PROVIDED RECORDS Block Start

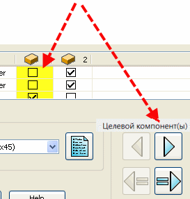 - добавляет выбранный компонент как цель. Цель всегда добавляется к последнему пересечению. Можно изменить порядок пересечения этого компонента и задать применение Power-элементов. Эта кнопка неактивна, если выбранный компонент уже является целевым.
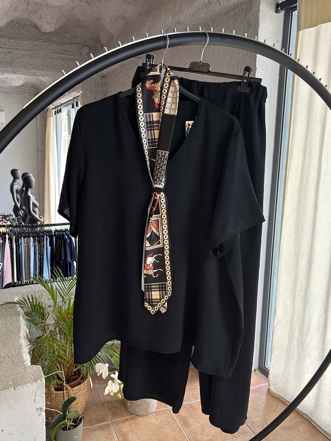 Plus Size Σετ Μπλούζα & Παντελόνα με Φουλάρι – Άνετο & Chic
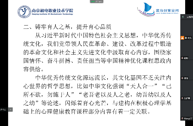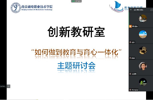 今年教育部印发的《高等学校课程思政建设指导纲要》,将心理健康教育与中国特色社会主义教育、中国梦教育、社会主义核心价值观教育、法治教育、劳动教育、中华优秀传统文化教育一起,列为实现课程思政建设的重要组成部分。为此,蓝岛创客空间创新教研室于11月29日举行“如何做到教育与育心一体化”主题线上研讨会。本次研讨会由蓝岛创客空间黄克瑶老师主持,蓝岛创客空间主任王国珍及创新教研室全体教师参与。
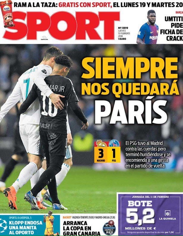 Vamos ya con el postre. A 'Sport' le quedaba París hace unas semanas y se ha conformado con Arthur. El que no se consuela es porque no quiere. Lo que nos ha sorprendido es lo de 'Mundo Deportivo'. Le pega algún palo al PSG, aunque más comedido que el de la 'Ouija', pero habla sin tapujos sobre la superioridad madridista y destaca el partido de Cristiano, Lucas Vázquez y Asensio. Suponemos que el responsable de esto se encontrará ya buscando empleo junto con Unai Emery, pero, oye, nos quitamos el sombrero.
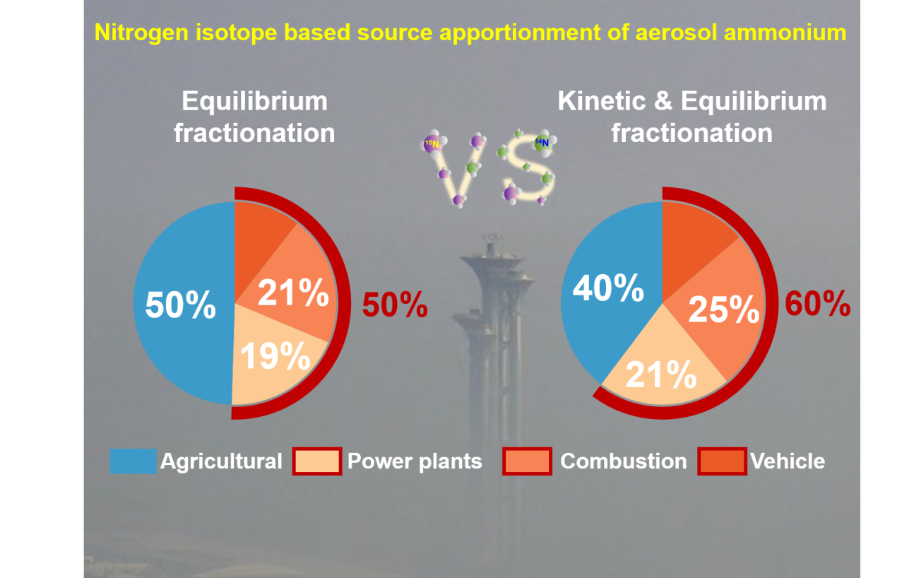 图1:北京冬季气溶胶铵盐的来源构成(左侧情景仅考虑大气氨在气粒转化过程中的氮同位素平衡分馏过程,右侧同时考虑平衡分馏和动力学分馏)
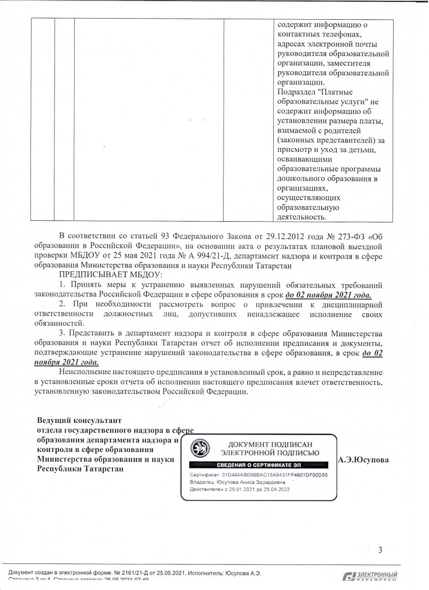 Предписания органов, осуществляющих государственный контроль (надзор) в сфере образования, отчеты об исполнении таких предписаний
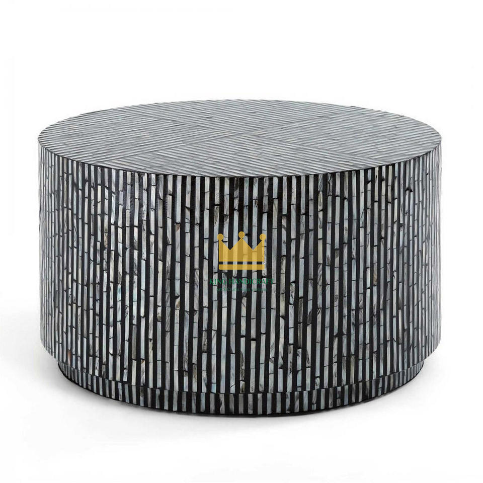 Table basse ronde de design moderne avec incrustation de coquillages, idéale pour le salon et la décoration intérieure - Meilleure vente
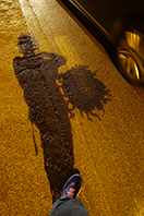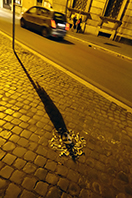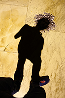 Vom Restlicht des schwarzen, ruhig dahinziehenden Stroms werden ihm Schatten von
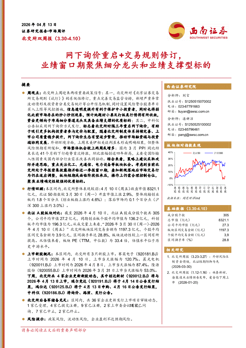 西南证券-北交所双周报:网下询价重启+交易规则修订,业绩窗口期聚焦细分龙头和业绩支撑型标的-260413
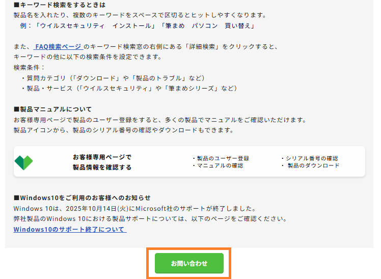 ・質問カテゴリ(「ダウンロード」や「製品のトラブル」など)
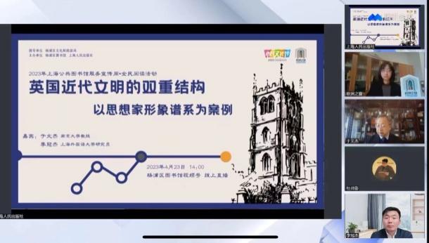 On the occasion of the 26th World Book Day on 23 April 2023, Professor Yu Wenjie was invited by Shanghai Yangpu District Library and Shanghai People's Publishing House to give a lecture entitled "The Double Structure of Modern British Civilisation". More than 570 readers from Shanghai and home and abroad attended the lecture. Researcher Li Guanjie of the Centre for British Studies at Shanghai International Studies University chaired the lecture and engaged in a dialogue on related issues.
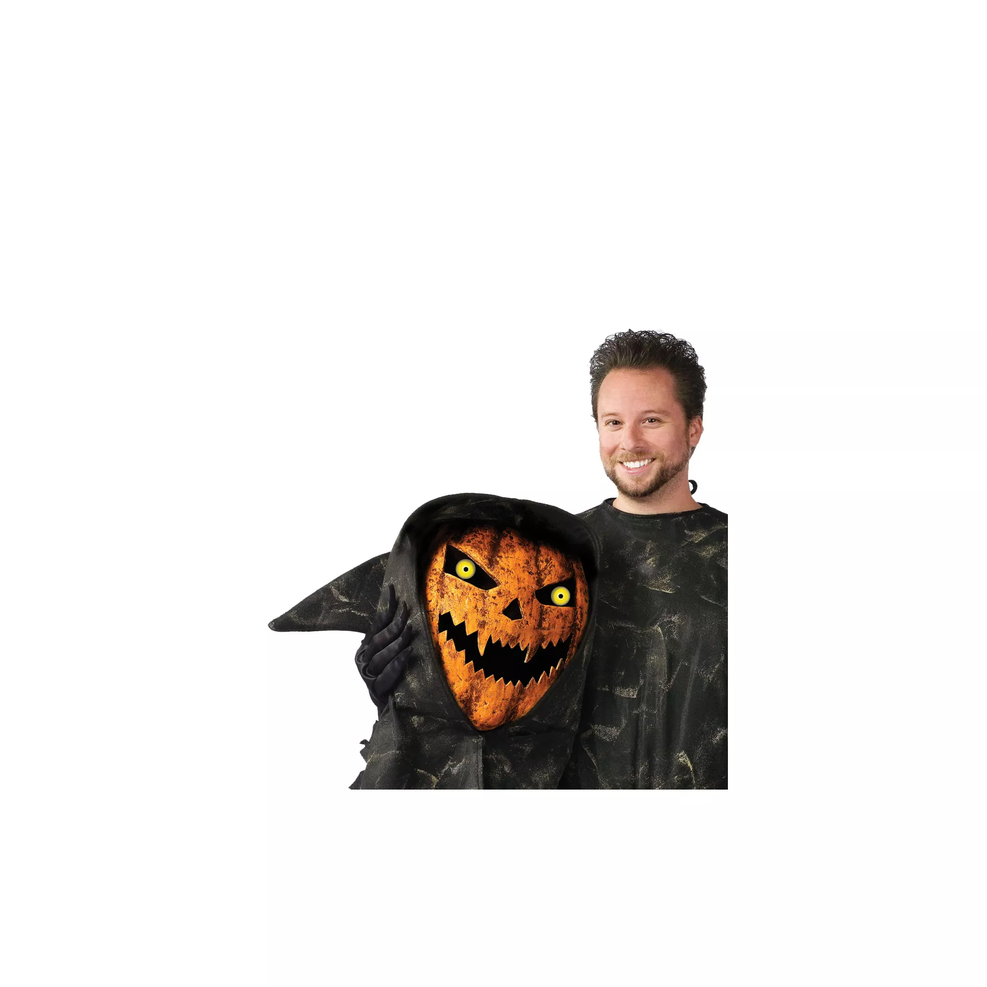 Beware the Great Pumpkin! This is no Charlie Brown Halloween special - this Bobble Head Jack-o-Lantern is for real and really scary! The adult Bobble Head Pumpkin costume has a super-size orange pumpkin head with an interior head support so you can party and terrify in comfort.

PROVIDED RECORDS Block End

From the line with "图1:北京冬季气溶胶铵盐的来" down to the final line of the entries above, repeat each line exactly; omit the pictures.

 图1:北京冬季气溶胶铵盐的来源构成(左侧情景仅考虑大气氨在气粒转化过程中的氮同位素平衡分馏过程,右侧同时考虑平衡分馏和动力学分馏)
 Предписания органов, осуществляющих государственный контроль (надзор) в сфере образования, отчеты об исполнении таких предписаний
 Table basse ronde de design moderne avec incrustation de coquillages, idéale pour le salon et la décoration intérieure - Meilleure vente
 Vom Restlicht des schwarzen, ruhig dahinziehenden Stroms werden ihm Schatten von
 西南证券-北交所双周报:网下询价重启+交易规则修订,业绩窗口期聚焦细分龙头和业绩支撑型标的-260413
 ・質問カテゴリ(「ダウンロード」や「製品のトラブル」など)
 On the occasion of the 26th World Book Day on 23 April 2023, Professor Yu Wenjie was invited by Shanghai Yangpu District Library and Shanghai People's Publishing House to give a lecture entitled "The Double Structure of Modern British Civilisation". More than 570 readers from Shanghai and home and abroad attended the lecture. Researcher Li Guanjie of the Centre for British Studies at Shanghai International Studies University chaired the lecture and engaged in a dialogue on related issues.
 Beware the Great Pumpkin! This is no Charlie Brown Halloween special - this Bobble Head Jack-o-Lantern is for real and really scary! The adult Bobble Head Pumpkin costume has a super-size orange pumpkin head with an interior head support so you can party and terrify in comfort.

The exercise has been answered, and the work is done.